ReAgent: Reversible Multi-Agent Reasoning for Knowledge-Enhanced Multi-Hop QA
Xinjie Zhao, Fan Gao, Xingyu Song, Yingjian Chen, Rui Yang, Yanran Fu, Yuyang Wang, Yusuke Iwasawa, Yutaka Matsuo, Irene Li
TL;DR
ReAgent introduces a reversible multi-agent framework for knowledge-enhanced multi-hop QA that integrates explicit local and global backtracking to mitigate error propagation in forward reasoning. The architecture couples Execution, Supervisory, and Interaction layers with specialized agents for decomposition, retrieval, verification, and assembly, and coordinates backtracking through a Verifier, Controller, and Supervisor to resolve intra- and inter-agent contradictions. Empirical results on HotpotQA, 2WikiMultiHopQA, and Musique show ~6% average improvements over strong baselines, along with improved interpretability due to traceable backtracking. The work advances robust, error-tolerant QA by enabling corrections mid-reasoning and providing a foundation for scalable, trustworthy collaborative AI systems.
Abstract
Recent advances in large language models (LLMs) have significantly improved multi-hop question answering (QA) through direct Chain-of-Thought (CoT) reasoning. However, the irreversible nature of CoT leads to error accumulation, making it challenging to correct mistakes in multi-hop reasoning.

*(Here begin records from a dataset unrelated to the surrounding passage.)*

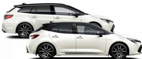
2PU GR SPORT Platina fehér / Fekete tető Elérhető a GR SPORT felszereltségen
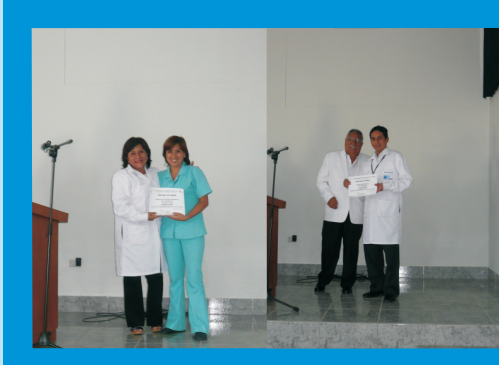
Premiación al 2do. Puesto: Centro Quirúrgico, y el Tercer Puesto: Servicio de Farmacia
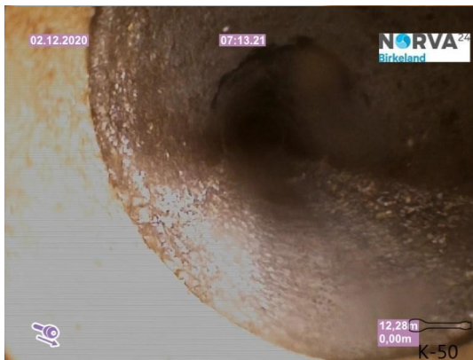
Spillvann_Sluk i dusj 1etg_Påkobling_20201202_105030.jpg
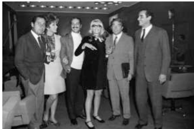
DREAMERS 1968, AGI, Riunione alla sede dell'Agis di attrici, attori, registi e produttori per la fondazione dell'accademia cinematografica, 1 novembre

Altre sezioni saranno dedicate alla musica italiana e internazionale e alle grandi imprese sportive del '68, come la vittoria ai Campionati Europei della Nazionale Italiana a Roma contro la Jugoslavia.
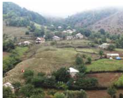
Artsvashen betekent letterlijk 'adelaarstad'. https://mapsights.com

Naast de vijf Azerbeidzjaanse enclaves in Armenië is er ook één Armeense enclave in Azerbeidzjan, namelijk Artsvashen. De oorspronkelijke dorpsnaam Bashkend (Azerbeidzjan noemt die enclave nog altijd zo) werd later in Hin ('Oud') Bashkend veranderd om het dorp te onderscheiden van Nor ('Nieuw') Bashkend, een dorp ge-

This paper introduces ReAgent: a Reversible multi-Agent collaborative framework augmented with explicit backtracking mechanisms, enabling reversible multi-hop reasoning. By incorporating text-based retrieval, information aggregation and validation, our system can detect and correct errors mid-reasoning, leading to more robust and interpretable QA outcomes. The framework and experiments serve as a foundation for future work on error-tolerant QA systems. Empirical evaluations across three benchmarks indicate ReAgent's efficacy, yielding average about 6\% improvements against baseline models.